##### SUPPLIED RECORDS #####

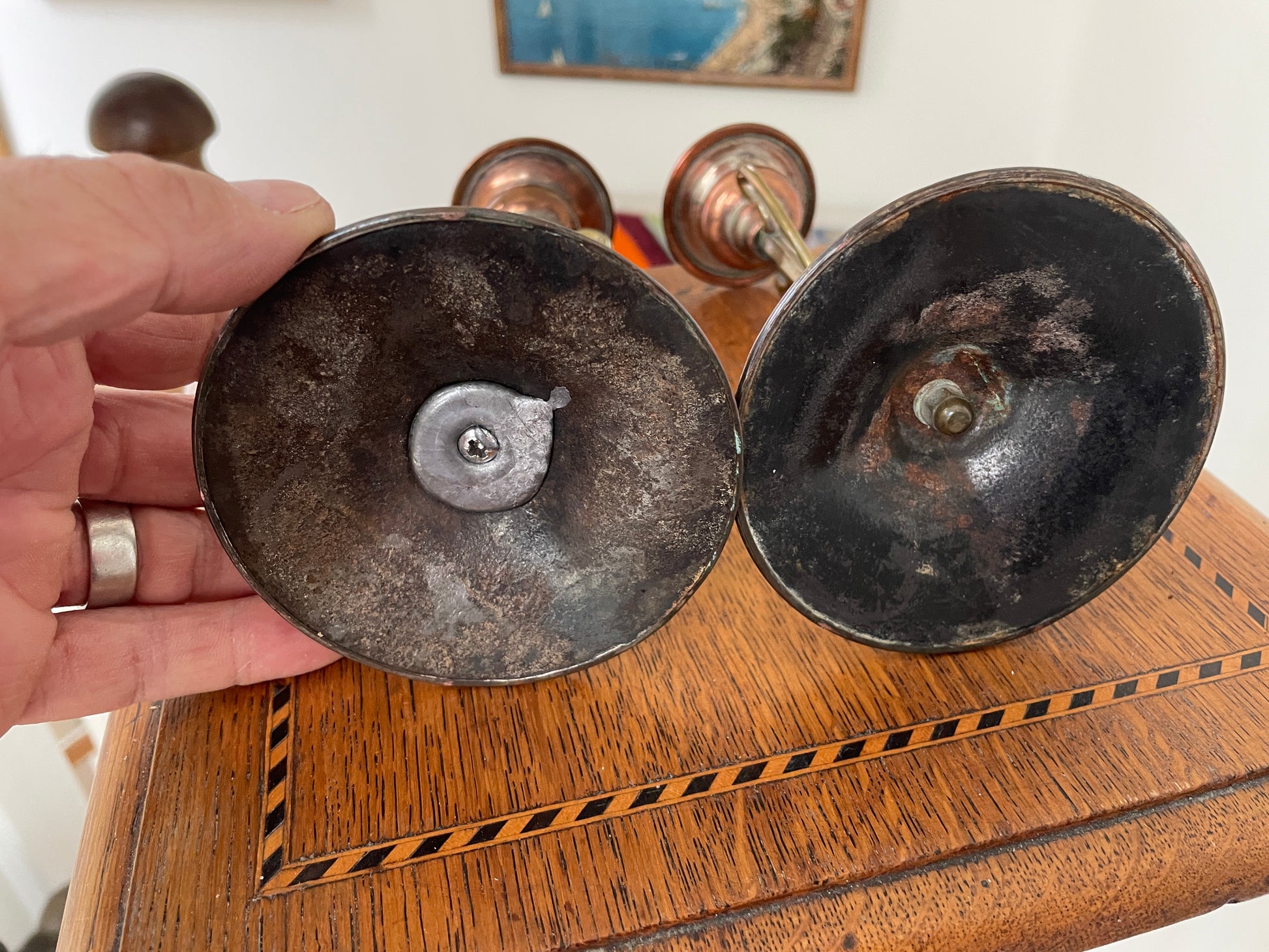 Pair of Antique Arts and Crafts Copper & Brass Candlesticks – Art Nouveau Design c.1900, English Handcrafted 18cm
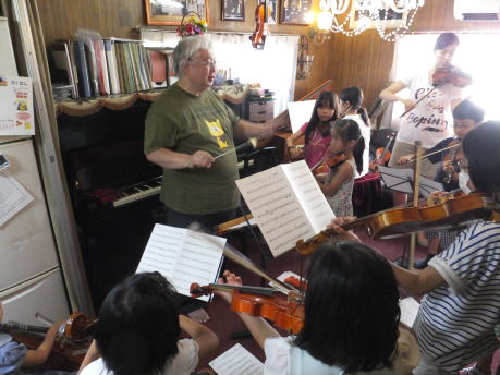 夏休み前の最後のオケ練習 15年7月19日(日) 花園教室 このグループの初めての芦塚先生の指導
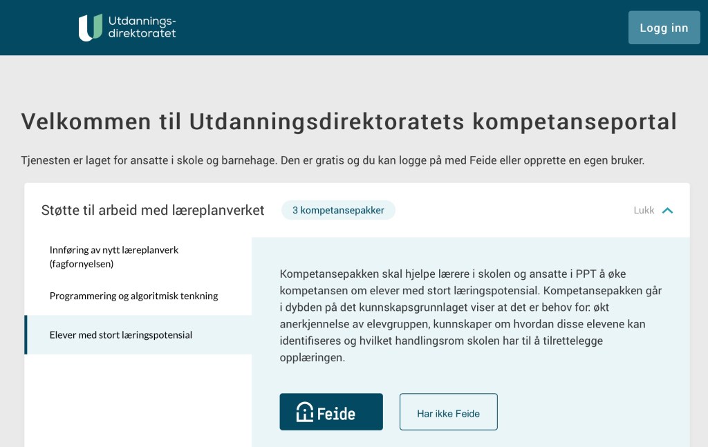 Kompetansepakken skal hjelpe lærere i skolen og ansatte i PPT å øke kompetansen om elever med stort læringspotensial. Kompetansepakken går i dybden på det kunnskapsgrunnlaget viser at det er behov for: økt anerkjennelse av elevgruppen, kunnskaper om hvordan disse elevene kan identifiseres og hvilket handlingsrom skolen har til å tilrettelegge opplæringen.
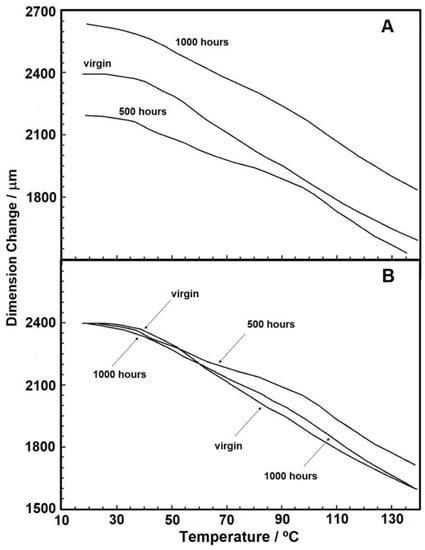 Figure 6A,B show the results for the TMA analyses (without applied force), in which the change in sample dimension is presented in micrometers (µm). A reduction in sample dimension can be observed for all samples, which we attributed to the interlacing of the material fibers that get loose under heating and tend to get closer to each other. It is worth mentioning that each sample has a different nominal thickness since the manufacturing process for nonwoven geotextiles cannot keep a precise thickness for the product. For this reason, as seen in Figure 6A, the larger thickness for the 1000 hours sample is not related to the UV radiation effect, but rather to product variability.
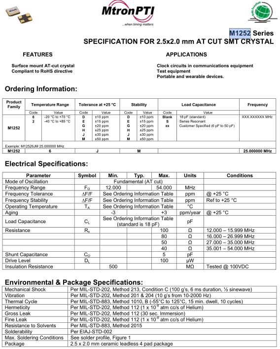 麥特倫皮晶振,M1380晶振,M13802MM20.000000MHz晶振,貼片晶振本身體積小,超薄型石英晶體振蕩器,特別適用于有目前高速發展的高端電子數碼產品,因為晶振本身小型化需求的市場領域,小型,薄型是對應陶瓷振蕩器(偏差大)和普通的石英晶體振蕩器(偏差小)的中間領域的一種性價比較出色的產品.產品廣泛用于筆記本電腦,無線電話,衛星導航SSD,USB,Blu-ray等用途,符合無鉛焊接的高溫回流焊曲線特性.MtronPTI與基礎材料科學和制造的完全控制垂直整合,為高可靠性高性能互聯網數據定時,公共安全和軍用/航空通信與控制,儀器儀表和能源管理應用提供解決方案。基于佛羅里達州奧蘭多市的設計,銷售以及在北美,亞洲和歐洲的生產基地,MtronPTI是LGL集團(NYSE MKT:LGL)的子公司。
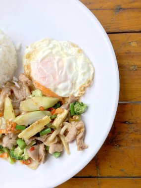 Tayland baharatlı yemekleri: bir tabak domuz stir fry ile sebze ve pirinç ahşap masa üzerinde beyaz tabak kızarmış yumurta. sağlıklı yemek.

#####

TASK PROMPT - Reproduce the listing above exactly from the line containing "夏休み前の最後のオケ練習 15年7月19日(日) 花園教室" up to and including the line containing "Kompetansepakken skal hjelpe", omitting any images and everything outside those lines.

RESULT FOR THIS EXERCISE -
 夏休み前の最後のオケ練習 15年7月19日(日) 花園教室 このグループの初めての芦塚先生の指導
 Kompetansepakken skal hjelpe lærere i skolen og ansatte i PPT å øke kompetansen om elever med stort læringspotensial. Kompetansepakken går i dybden på det kunnskapsgrunnlaget viser at det er behov for: økt anerkjennelse av elevgruppen, kunnskaper om hvordan disse elevene kan identifiseres og hvilket handlingsrom skolen har til å tilrettelegge opplæringen.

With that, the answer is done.